APOOL (MIC27) is a non-glycosylated inner mitochondrial membrane protein of the MICOS complex that shapes cristae architecture by coupling cardiolipin binding to assembly of the membrane-sculpting MICOS scaffold (PMID:23704930, PMID:25918844, PMID:37279200). It faces the intermembrane space, specifically binds cardiolipin but not its precursor phosphatidylglycerol, and physically associates with MICOS/MIB subunits including Mitofilin/MIC60, MINOS1/MIC10, and SAMM50 (PMID:23704930). Within MICOS it belongs to the MIC10/MIC12/MIC27 subcomplex that assembles independently of the MIC60/MIC19 subcomplex and whose formation depends on cardiolipin and respiratory complexes (PMID:25918844); its integration requires MIC13/QIL1, whose loss triggers degradation of MIC27 together with MIC10 and MIC26 (PMID:25997101, PMID:27479602). Mechanistically, MIC27 stabilizes MIC10 oligomers and promotes oligomerization of the F1FO-ATP synthase, thereby supporting crista junction formation and cristae membrane curvature (PMID:26968360, PMID:28845423).

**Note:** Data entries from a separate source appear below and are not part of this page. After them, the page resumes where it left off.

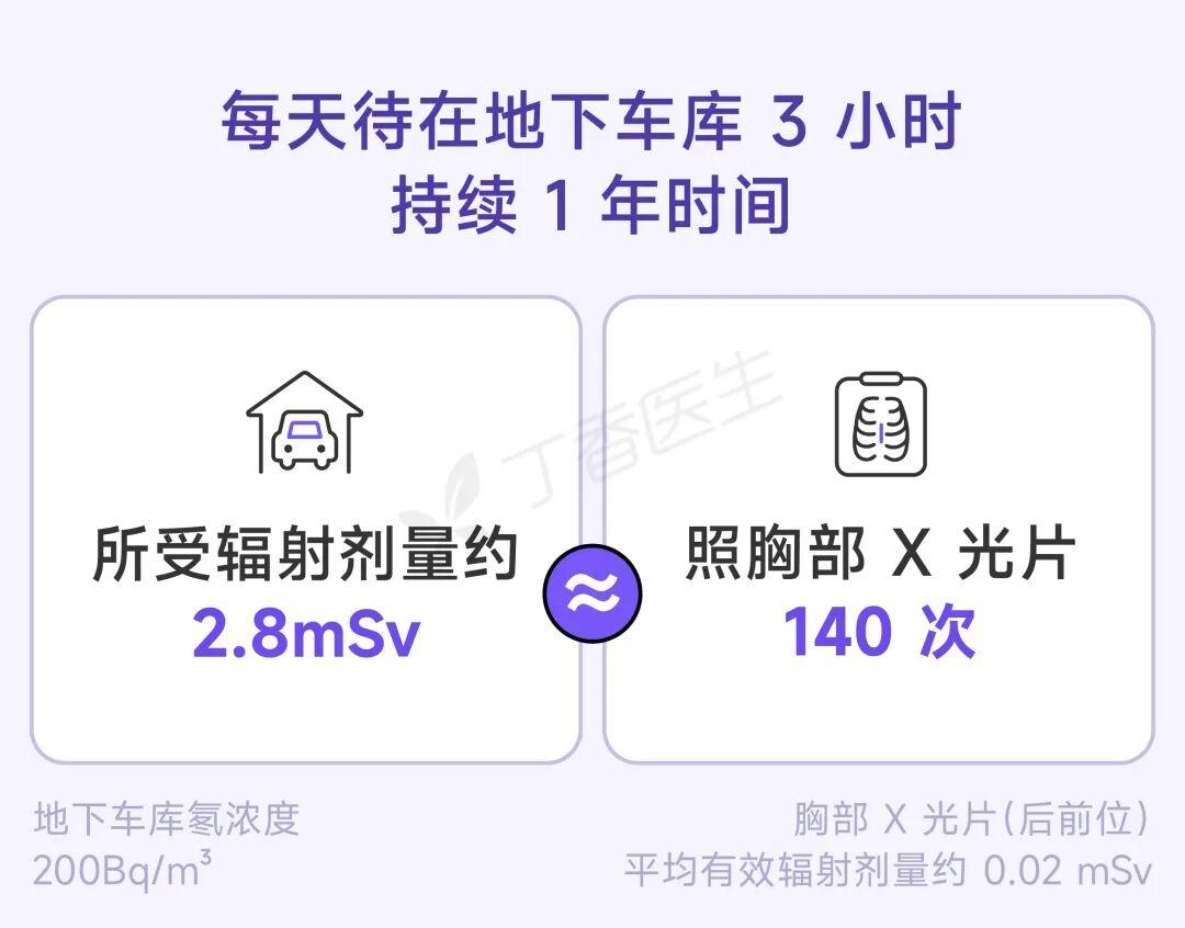 假設地下車庫的氡氣濃度在 200 Bq/m³ 左右(小區常見中間值),一個人每天在地下車庫唱歌或跳舞待 3 個小時,再按照《氡及其子體個人劑量監測方法》中室內工作場所 1.3 x 10-5mSv/Bq-3·m·h 的係數轉換[3],結果發現——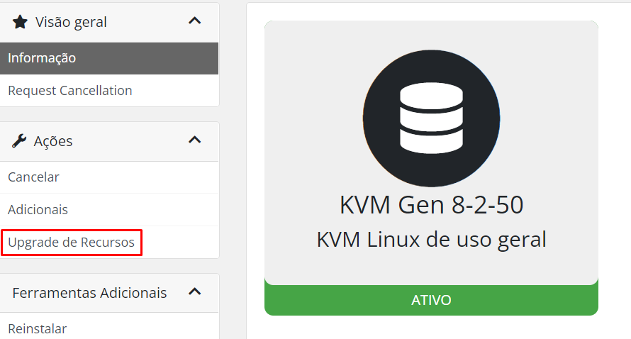 1. Na página inicial do painel KVM, aba Informações do Servidor clique na opção Upgrade de Recursos.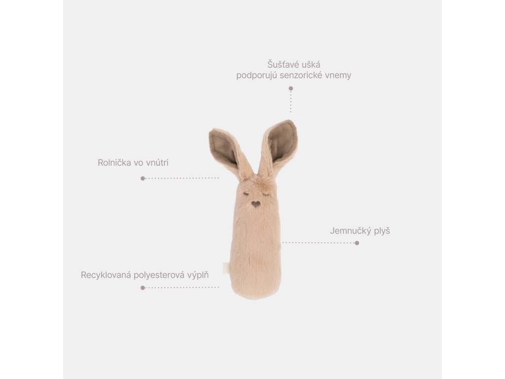 Rolnička vo vnútri, roztomilé šušťavé ušká a jemnučký plyš podporujú senzorické vnemy a usmievavá tvár kengurky pôsobí upokojujúco a priateľsky na dieťatko.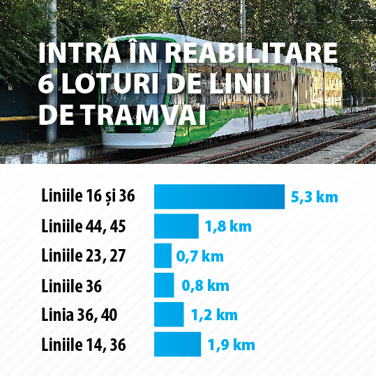 Primăria Municipiului București a atribuit contractele pentru lucrările de reabilitare a 6 loturi de linii de tramvai din cele 11 pentru care a primit oferte, potrivit unui comunicat al instituției.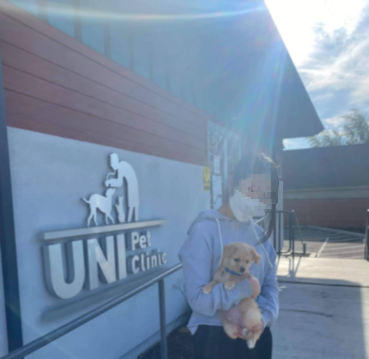 누나가 어디론가 전화를 해요. 엄마는 여기가 앞으로 내가 자주 다니게 될 동물병원이라고 했어요. 코로나라 비대면 진료를 하기 때문에 주차장에서 기다리면 간호사가 나와서 나를 데리고 들어간대요. 엄마랑 누나는 함께 안으로 못 들어간다고 하네요. 나는 무슨 말인지 몰라 어리둥절한 채로 엄마랑 누나랑 이야기를 들으며 누나 품에 안겨 차에서 기다렸어요.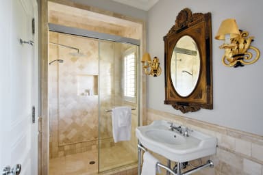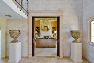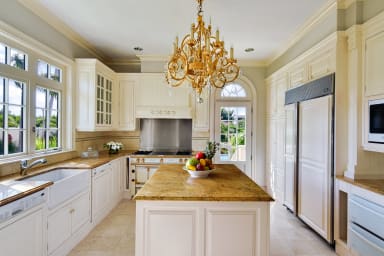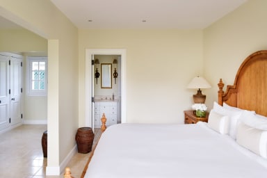 On the garden side of the estate, you'll find four additional bedrooms, a chef's kitchen, a tennis court and a gym. These facilities ensure that guests have access to a wide range of amenities for both relaxation and recreation.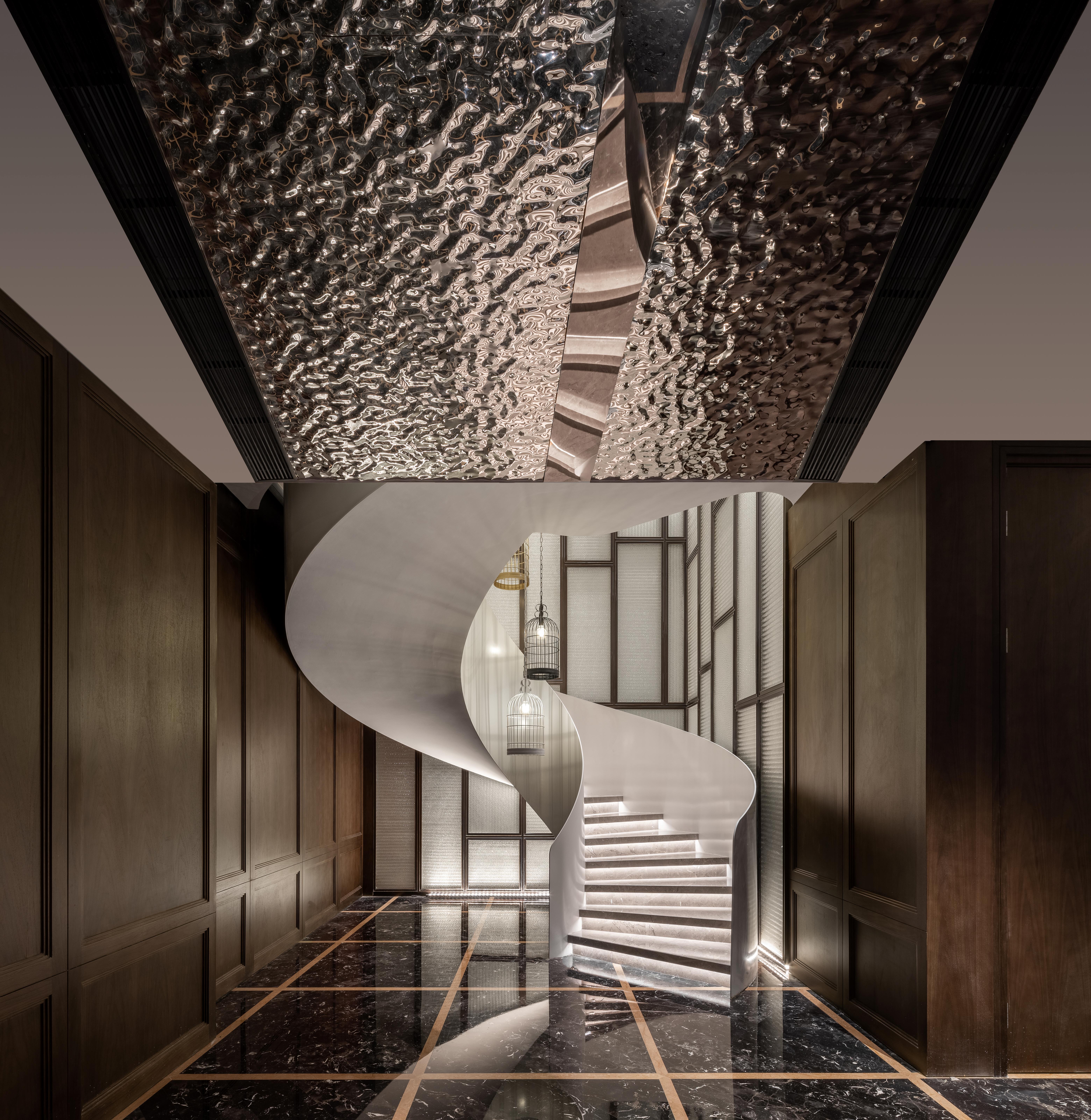 此处为业主自用中餐包房区域,此处的网红楼梯,能够直接上到二层的中餐包房,简单但富有艺术性;整个空间以黑白灰的色调为主,并融入东方肌理线条,呈现出东方的气度和精神。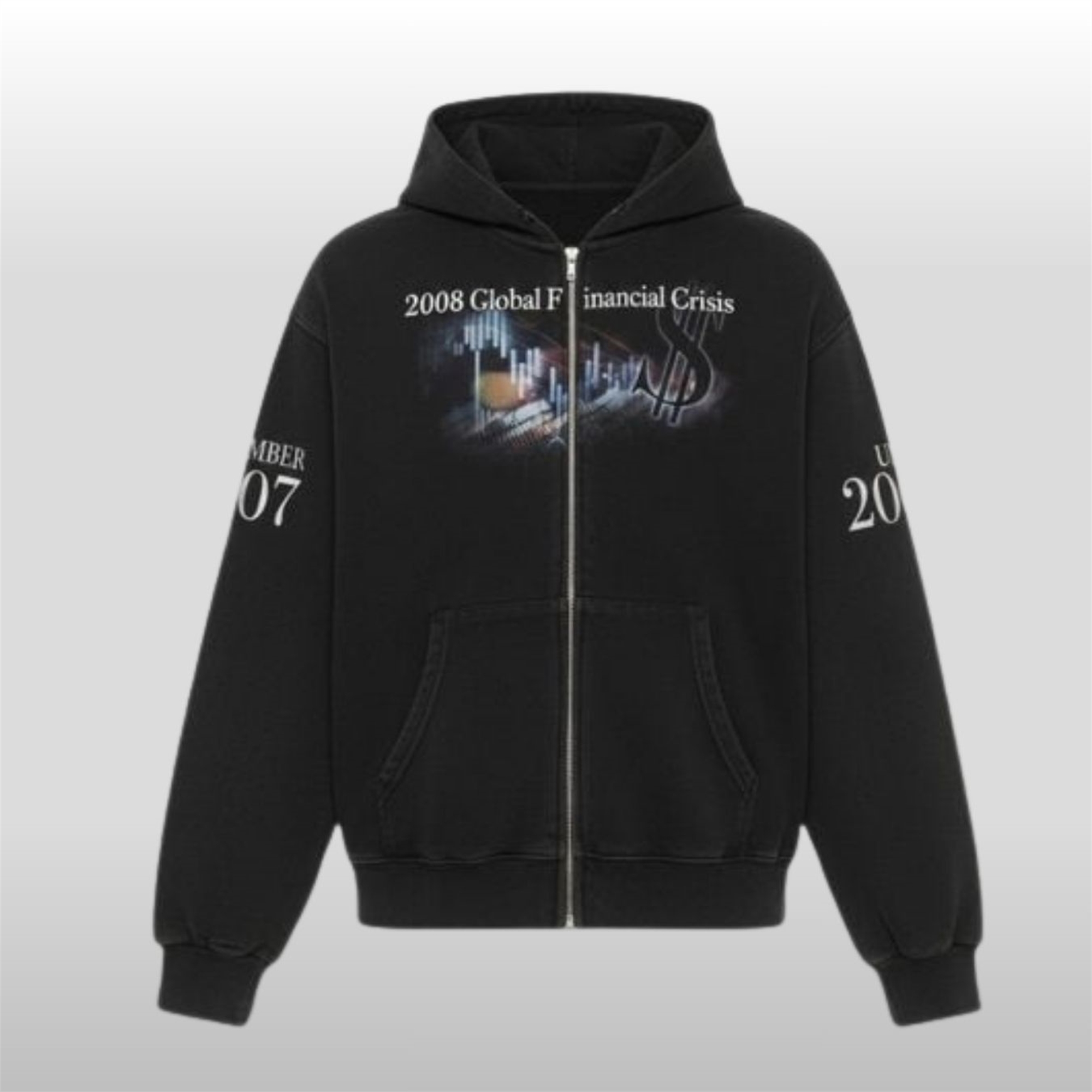 The Rob Dillingham 2008 Global Financial Crisis Hoodie is a premium, heavy-weight black zip-up designed for comfort and maximum visual impact. The centerpiece of this striking garment is a distressed graphic representing the 2008 Global Financial Crisis-inspired apparel, featuring a dark, moody rendering of stock market charts and a looming dollar sign, symbolizing the market’s volatility during that time. Text above the graphic clearly states “2008 Global Financial Crisis.” The sleeves are boldly marked with “MBER 07” and “U 20,” evocative of the dates and periods surrounding the event’s peak. Crafted for those who appreciate history and bold street style, this piece delivers a powerful message.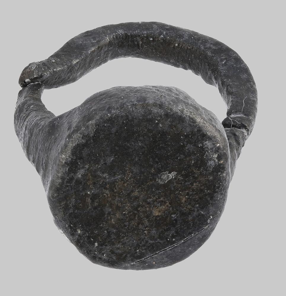 Ein Fingerring mit dickem, rundem Ringkopf. In den Ringkopf sind zwei Buchstaben in Schreibschrift kaum sichtbar eingeritzt.

MIC27 and MIC26 reciprocally regulate each other's levels and act antagonistically on MIC10 oligomer stability, and their combined loss cooperatively depletes cardiolipin and destabilizes respiratory chain supercomplexes and ATP synthase, a defect reversed by cardiolipin synthase overexpression (PMID:25764979, PMID:29733859, PMID:32788226). Loss-of-function mutation in QIL1/MIC13 eliminates the MIC10–MIC26–MIC27–QIL1 subcomplex and produces aberrant cristae and respiratory chain deficiency in patient tissue (PMID:29618761).

Mechanistic history

Synthesis pass · year-by-year structured walk · 11 steps
  1. 2013 High

    Established APOOL/MIC27 as a cardiolipin-binding inner membrane protein integral to the MICOS/MINOS complex, answering whether this protein had a defined mitochondrial role.

    Evidence Complexome profiling, in vitro lipid-binding assay, Co-IP, and knockdown/overexpression with morphology and respiration readouts in human cells

    PMID:23704930

    Open questions at the time
    • Did not resolve subcomplex membership within MICOS
    • Did not define the structural basis of cardiolipin selectivity
  2. 2015 High

    Placed MIC27 architecturally within a distinct MIC10/MIC12/MIC27 subcomplex separate from the MIC60/MIC19 module, and showed its assembly depends on cardiolipin and respiratory complexes.

    Evidence Yeast genetic deletions, complexome profiling, and respiratory growth assays; complemented by human knockdown studies of MICOS/MIB subunits

    PMID:25781180 PMID:25918844

    Open questions at the time
    • Conflicting reports on whether MIC27 depletion alone alters cristae morphology
    • Did not establish the assembly trigger linking respiratory complexes to subcomplex formation
  3. 2015 High

    Defined the antagonistic, reciprocal regulation between MIC27 and MIC26 and linked both to MIC10 and the cardiolipin remodeling enzyme tafazzin.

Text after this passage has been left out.